History’s tomorrow

I was really surprised when I finished reading Radical Museology because it was not what I expected at all. Sometimes, I found myself immensely interested in what Claire Bishop was saying and aggressively taking notes and nodding my head in agreement. Then, I would struggle to find her point in the very next sentence, to sift through the intense words and come up with a meaning. In the end, while I walked away from the book with a lot of understanding of contemporary art, I can’t help but feel that I missed out on a lot of what she was trying to say as well. And, as I write this essay, trying to define “contemporary” by using her book, I will miss the mark.

Do not get me wrong, I want to use Bishop’s book, because despite the fact that it is complicated and wordy and elitist at points, I found it extremely interesting. So, here I go. I will attempt to make sense of Bishop’s words and Dan Perjovschi’s drawings and I will attempt to do something that seems almost impossible; I will define contemporary.

A contemporary piece of art does not mean that the work was created in the past year or decade or any time recent. Contemporary does not refer to the style or the work, or when they were made, but the approach that the artist took in creating the art. While there are many approaches an artist can take, the contemporary artist comes from behind, from the past. Contemporary art is an approach to the past. As art historian Christine Ross stated, “contemporary artists look backwards in order to ‘presentify’ the modernist regime of historicity”(Bishop) On the other hand, Dieter Roelstraete believed “contemporary art’s turn towards history-telling and historicizing for its ‘inability to grasp or even look as the present’”(Bishop).
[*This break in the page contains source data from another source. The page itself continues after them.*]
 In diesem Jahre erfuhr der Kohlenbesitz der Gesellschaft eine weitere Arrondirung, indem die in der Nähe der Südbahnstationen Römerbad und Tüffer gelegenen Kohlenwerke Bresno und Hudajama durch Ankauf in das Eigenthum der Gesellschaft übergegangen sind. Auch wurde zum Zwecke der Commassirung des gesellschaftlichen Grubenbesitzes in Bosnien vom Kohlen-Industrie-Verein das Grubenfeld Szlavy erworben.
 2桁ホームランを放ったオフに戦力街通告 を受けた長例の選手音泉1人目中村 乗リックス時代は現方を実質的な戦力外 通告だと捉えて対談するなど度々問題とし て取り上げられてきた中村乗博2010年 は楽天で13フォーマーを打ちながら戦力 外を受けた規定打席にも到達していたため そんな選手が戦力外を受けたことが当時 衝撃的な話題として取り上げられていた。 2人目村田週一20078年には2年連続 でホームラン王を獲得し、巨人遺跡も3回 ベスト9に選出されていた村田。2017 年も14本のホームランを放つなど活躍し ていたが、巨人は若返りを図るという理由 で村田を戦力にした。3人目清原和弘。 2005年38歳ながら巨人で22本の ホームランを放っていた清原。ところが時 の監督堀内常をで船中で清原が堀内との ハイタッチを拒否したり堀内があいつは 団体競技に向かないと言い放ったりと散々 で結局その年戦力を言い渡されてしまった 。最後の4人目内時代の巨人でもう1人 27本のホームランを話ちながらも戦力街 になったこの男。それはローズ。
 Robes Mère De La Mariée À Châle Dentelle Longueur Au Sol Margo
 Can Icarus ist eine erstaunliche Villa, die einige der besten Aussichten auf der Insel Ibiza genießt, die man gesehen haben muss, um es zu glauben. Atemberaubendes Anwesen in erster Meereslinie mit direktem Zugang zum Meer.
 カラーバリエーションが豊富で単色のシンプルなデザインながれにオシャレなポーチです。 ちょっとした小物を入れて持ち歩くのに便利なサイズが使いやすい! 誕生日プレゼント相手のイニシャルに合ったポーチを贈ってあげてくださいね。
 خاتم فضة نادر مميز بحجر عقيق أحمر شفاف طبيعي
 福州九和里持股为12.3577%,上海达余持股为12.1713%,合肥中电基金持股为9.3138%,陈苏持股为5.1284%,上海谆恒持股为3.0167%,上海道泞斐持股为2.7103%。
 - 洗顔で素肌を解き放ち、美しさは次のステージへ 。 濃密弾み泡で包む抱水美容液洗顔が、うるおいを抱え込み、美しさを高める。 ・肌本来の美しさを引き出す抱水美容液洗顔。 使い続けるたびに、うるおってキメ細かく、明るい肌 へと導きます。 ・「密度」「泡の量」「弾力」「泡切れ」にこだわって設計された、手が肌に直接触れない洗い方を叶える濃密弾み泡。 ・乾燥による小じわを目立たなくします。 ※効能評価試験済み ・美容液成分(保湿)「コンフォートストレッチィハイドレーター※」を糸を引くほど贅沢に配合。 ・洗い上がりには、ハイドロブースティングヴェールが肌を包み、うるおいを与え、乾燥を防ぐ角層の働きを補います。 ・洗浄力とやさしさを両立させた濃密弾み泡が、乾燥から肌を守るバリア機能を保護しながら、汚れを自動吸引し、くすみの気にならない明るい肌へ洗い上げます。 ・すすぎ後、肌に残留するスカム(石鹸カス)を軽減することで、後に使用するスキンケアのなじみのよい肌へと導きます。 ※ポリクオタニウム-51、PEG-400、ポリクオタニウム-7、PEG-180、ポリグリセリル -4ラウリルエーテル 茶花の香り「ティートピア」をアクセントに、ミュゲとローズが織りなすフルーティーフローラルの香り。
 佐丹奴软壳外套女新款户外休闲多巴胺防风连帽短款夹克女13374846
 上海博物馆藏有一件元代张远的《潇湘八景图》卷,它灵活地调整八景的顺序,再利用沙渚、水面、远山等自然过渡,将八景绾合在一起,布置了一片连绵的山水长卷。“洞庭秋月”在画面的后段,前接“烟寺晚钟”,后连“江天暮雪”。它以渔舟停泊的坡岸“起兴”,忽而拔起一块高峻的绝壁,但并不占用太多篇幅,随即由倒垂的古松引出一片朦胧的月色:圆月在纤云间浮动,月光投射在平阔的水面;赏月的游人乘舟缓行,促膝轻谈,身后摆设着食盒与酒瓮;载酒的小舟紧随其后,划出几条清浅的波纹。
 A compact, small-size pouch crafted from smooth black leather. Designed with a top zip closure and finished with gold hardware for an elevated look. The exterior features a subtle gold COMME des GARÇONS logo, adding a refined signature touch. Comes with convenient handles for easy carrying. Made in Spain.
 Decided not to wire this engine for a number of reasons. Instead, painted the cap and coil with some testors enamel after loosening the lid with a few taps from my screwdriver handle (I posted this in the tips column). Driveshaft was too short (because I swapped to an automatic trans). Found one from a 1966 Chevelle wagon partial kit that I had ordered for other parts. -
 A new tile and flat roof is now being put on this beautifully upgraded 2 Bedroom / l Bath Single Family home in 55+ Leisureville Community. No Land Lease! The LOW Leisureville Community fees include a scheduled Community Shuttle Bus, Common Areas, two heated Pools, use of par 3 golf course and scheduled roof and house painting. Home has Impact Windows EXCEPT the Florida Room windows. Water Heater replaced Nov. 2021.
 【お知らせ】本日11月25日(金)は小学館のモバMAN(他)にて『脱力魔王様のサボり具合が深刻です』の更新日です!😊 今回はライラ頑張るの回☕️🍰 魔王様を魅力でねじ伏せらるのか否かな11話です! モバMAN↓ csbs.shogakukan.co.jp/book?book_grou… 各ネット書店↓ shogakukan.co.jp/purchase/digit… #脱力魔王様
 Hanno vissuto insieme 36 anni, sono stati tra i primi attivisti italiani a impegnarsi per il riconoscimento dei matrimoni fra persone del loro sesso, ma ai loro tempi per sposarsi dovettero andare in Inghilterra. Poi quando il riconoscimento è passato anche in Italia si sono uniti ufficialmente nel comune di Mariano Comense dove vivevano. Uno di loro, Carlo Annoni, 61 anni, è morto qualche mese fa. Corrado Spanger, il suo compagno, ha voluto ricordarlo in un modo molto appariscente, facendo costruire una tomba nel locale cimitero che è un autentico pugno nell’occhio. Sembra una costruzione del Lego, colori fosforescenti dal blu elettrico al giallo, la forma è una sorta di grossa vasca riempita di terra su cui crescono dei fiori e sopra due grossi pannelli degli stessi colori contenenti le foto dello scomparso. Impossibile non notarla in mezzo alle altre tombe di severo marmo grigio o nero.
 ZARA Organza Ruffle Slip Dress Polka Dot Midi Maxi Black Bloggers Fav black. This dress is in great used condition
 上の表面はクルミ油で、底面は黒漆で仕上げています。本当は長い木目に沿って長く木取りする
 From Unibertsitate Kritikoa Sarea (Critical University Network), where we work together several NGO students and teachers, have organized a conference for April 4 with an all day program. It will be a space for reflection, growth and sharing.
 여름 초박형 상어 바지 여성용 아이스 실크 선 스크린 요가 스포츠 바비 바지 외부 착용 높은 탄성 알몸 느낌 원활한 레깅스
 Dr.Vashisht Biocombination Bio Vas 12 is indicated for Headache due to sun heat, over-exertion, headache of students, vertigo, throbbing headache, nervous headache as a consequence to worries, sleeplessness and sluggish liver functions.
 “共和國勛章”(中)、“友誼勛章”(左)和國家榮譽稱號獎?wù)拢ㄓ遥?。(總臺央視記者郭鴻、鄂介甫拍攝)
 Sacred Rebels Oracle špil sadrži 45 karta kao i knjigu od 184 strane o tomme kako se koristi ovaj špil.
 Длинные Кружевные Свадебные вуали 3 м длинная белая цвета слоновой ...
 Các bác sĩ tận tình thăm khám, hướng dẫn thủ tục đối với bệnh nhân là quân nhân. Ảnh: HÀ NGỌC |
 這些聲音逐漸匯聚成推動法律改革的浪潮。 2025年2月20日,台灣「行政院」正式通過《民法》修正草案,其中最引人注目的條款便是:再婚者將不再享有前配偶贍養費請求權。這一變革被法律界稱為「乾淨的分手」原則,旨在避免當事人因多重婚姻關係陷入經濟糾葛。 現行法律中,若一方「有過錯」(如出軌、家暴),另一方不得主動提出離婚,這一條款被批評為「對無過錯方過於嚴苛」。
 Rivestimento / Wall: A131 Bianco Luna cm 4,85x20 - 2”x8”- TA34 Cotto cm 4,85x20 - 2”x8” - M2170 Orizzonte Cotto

This can be seen in the two of the examples Bishop uses in the book. The Van Abbemuseum “places continual emphasis on the legacy of communism and the possibilities for its reactivation; the social value of retelling histories that lead to other imagined futures, by revisiting marginal or repressed histories in order to open up new vistas” (Bishop). This makes the museum a “partisan historical narrator.” The work in the museum looks at the past in a new way to discuss the future.

The Museo Nacional Centro de Arte Reina Sofía has a similar goal. They work to expand “historical contextualization,” but to be more global in doing so, looking at multiple demographics to expand the view of history. This allows the museum to except multiple modernities, and in doing so, reject the avant-garde and its derivatives as those “prioritize the European center”(Bishop). Instead, the museum embraces an archive of the commons, promoting the fact that “culture is not a question of national property, but a universal resource” that everyone should be able to enjoy and connect to (Bishop).

What makes it contemporary is that it interacts with the past and builds upon it. In doing so, the experience results in a collection as Walter Benjamin puts it; the experience of “bringing events together in new ways, disrupting established taxonomies, disciplines, mediums, and properties”(Bishop). The deconstruction of tradition to see history differently. To do this, the museum must keep “history mobile in order to allow its objects to become historical agents once again”(Bishop). To create the contemporary.

 

So, contemporary art must interact with the past in someway, but like all art, the rules are loose. What is the past? Five minutes ago? Yesterday? Last century? It is up for the artist and the viewer to decide.